The Oronaye is the first massif of the Alpi Cozie encountered when traversing them from the south, starting from the Colle della Maddalena.

It lies on the main Alpine watershed, on the border between the Vallée de l'Ubaye in France and the Valle Maira in Italy. On the Italian side, it administratively belongs to the Province of Cuneo; on the French side, it belongs to the department of Alpes-de-Haute-Provence. It appears as a massive limestone protrusion on the main ridge, with steep flanks in all directions.

From a geological perspective, the mountain is composed of dolomitic limestone from the Middle Triassic, resting on a base of fractured marbles and black flysch. The rock is notably friable; alpinistic activity therefore preferentially requires the use of a helmet.

== Ascent ==
The normal route involves ascending from the trail starting at Colle della Maddalena, located at the top of the Valle Stura (CN). The trail begins near a spring on the north side of the road on the French side of the pass. It follows the course of the Oronaye stream and continues along the valley until reaching the Lake Oronaye. After the lake, the trail continues to the left, skirting a ridge until reaching a gully below which lies a distinctive diamond-shaped boulder. The gully is ascended, which is very strenuous due to the steepness and unstable detrital terrain. After passing the diamond-shaped boulder, one stays close to the rocky wall where red markers are present. Upon reaching the notch at the top of the gully, the route continues to the right through a series of well-gripped rocky channels (II and III degree) and finally emerges onto the ridge, leading via a trail to the summit and the large metal cross.
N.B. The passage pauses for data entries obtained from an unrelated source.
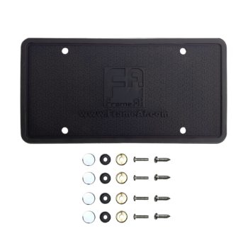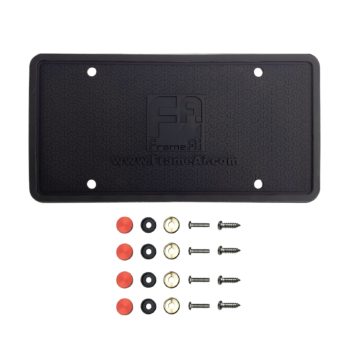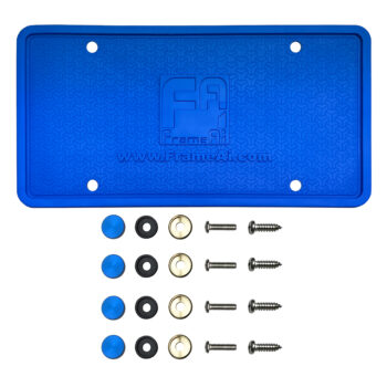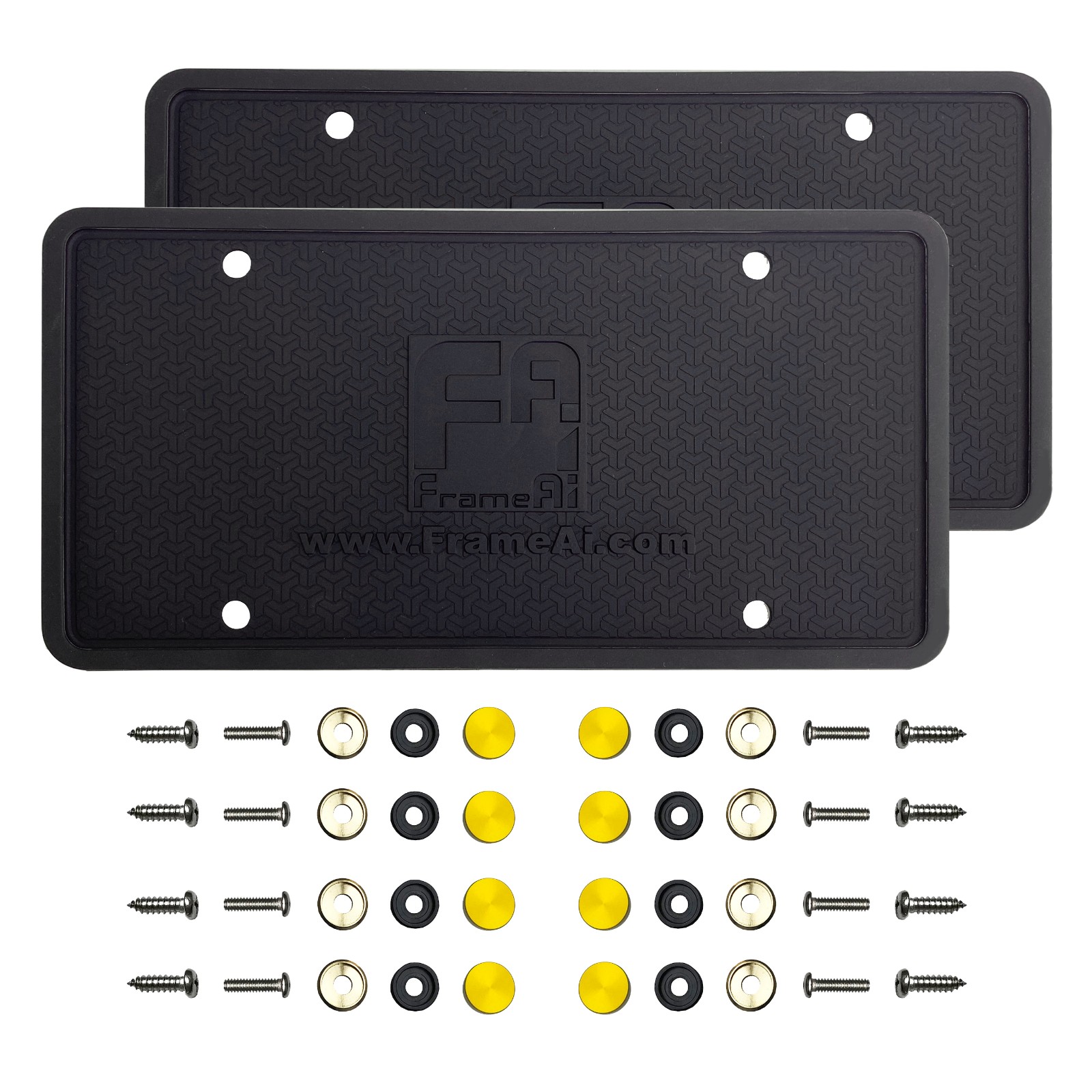 Two Silicone License Plate Frame Back Guard holder Rust-Proof Rattle-Proof Weather-Proof + Gold Aluminum Screw On Caps Hardware
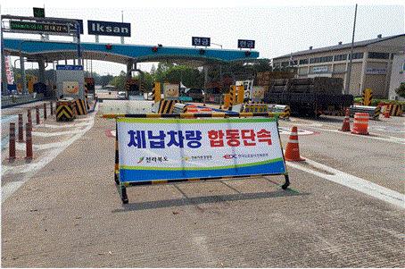 고속도로 IC 합동 단속은 3개 유관기관에서 9명이 투입되며 실시간 체납 차량 단속 시스템, 순찰차 등의 단속 장비를 이용해 익산IC에서 진행될 계획이다.
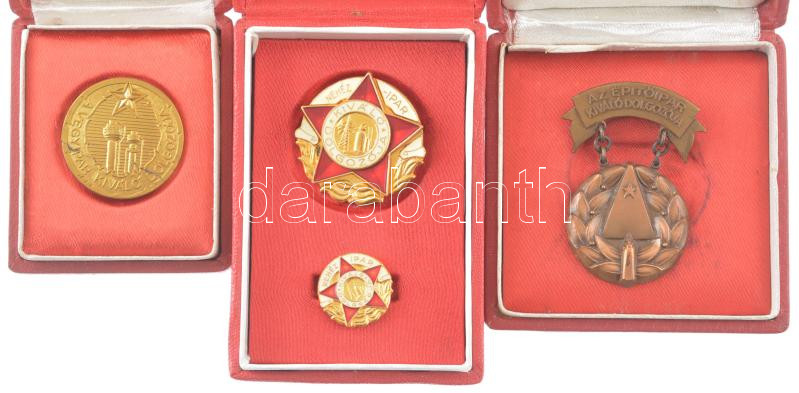 Description: ~1960. "Nehézipar Kiváló Dolgozója" műgyantás jelvény miniatűrrel, tokban (34mm) + "Vegyi Ipar Kiváló Dolgozója" Cu-Zn jelvény eredeti tokban (30mm) + "Az Építőipar Kiváló Dolgozója" bronz jelvény tokban (31mm) T:1

The complete route involves an elevation gain of about 1,100 m; the difficulty rating of the route, which is alpinistic, is classified as F.

Another ascent route starts from the Valle Maira, specifically from the locality Viviere (1,713 m), just above Pratorotondo (1,629 m), a hamlet of Acceglio. From Viviere, one must traverse the Enchiausa valley until reaching the Bivacco Enrico e Mario (2,650 m) and the Colle Feuillas (2,749 m). From here, one descends into French territory (Vallée de l'Ubaye) and ascends the same gravelly gully reached from the Colle della Maddalena. In this case, the ascent involves an elevation gain of over 1,400 metres; the difficulty rating is assessed as F+.

=== Winter access ===
For winter summit access, the approach can be made with skis or snowshoes, starting from the Colle della Maddalena, followed by ascending the final channel with ice axe and crampons.

== Via Ferrata degli Alpini ==
The Via Ferrata degli Alpini was constructed in the 1930s by the Alpini of the Battaglione Dronero for military observation purposes. Restored between 2010 and 2012, the Ferrata is accessible from the Valle Maira, from the hamlet of Viviere in Acceglio, following the summit access route up to the Bivacco Enrico e Mario (2,650 m). Turning right toward the Oronaye, on a steep slope, one follows the clear path that ascends through scree toward the northeast ridge (anchors in place). The Ferrata itself is characterized by two parallel cables: one from the 1930s with wooden grips incorporated for better handholds, and a safety cable for securing; the final section, reaching Cima Dronero (3,050 m), consists of a long iron ladder.

The Ferrata does not reach the true summit of Oronaye; from Cima Dronero, the route is alpinistic with difficulties up to IV on unstable rock. From the end of the Ferrata, to reach the summit, one must continue a few meters with a cable and anchors in place, perform a rappel of about 7–10 m, ascend a rock slab, and proceed along the ridge to the peak. The route is equipped with anchor points. The difficulties are not high, but great care must be taken due to unstable rocks.

== Bibliography ==
- "Boncko.it - Anello Oronaye Chambeyron"

=== Cartography ===
- Official cartography of the Istituto Geografico Militare at scales 1:25,000 and 1:100,000, available online
- Sistema Informativo Territoriale della provincia di Cuneo, based on 1:10,000 cartography
- Istituto Geografico Centrale - Trail map 1:50,000 no. 7 "Valli Maira, Grana e Stura"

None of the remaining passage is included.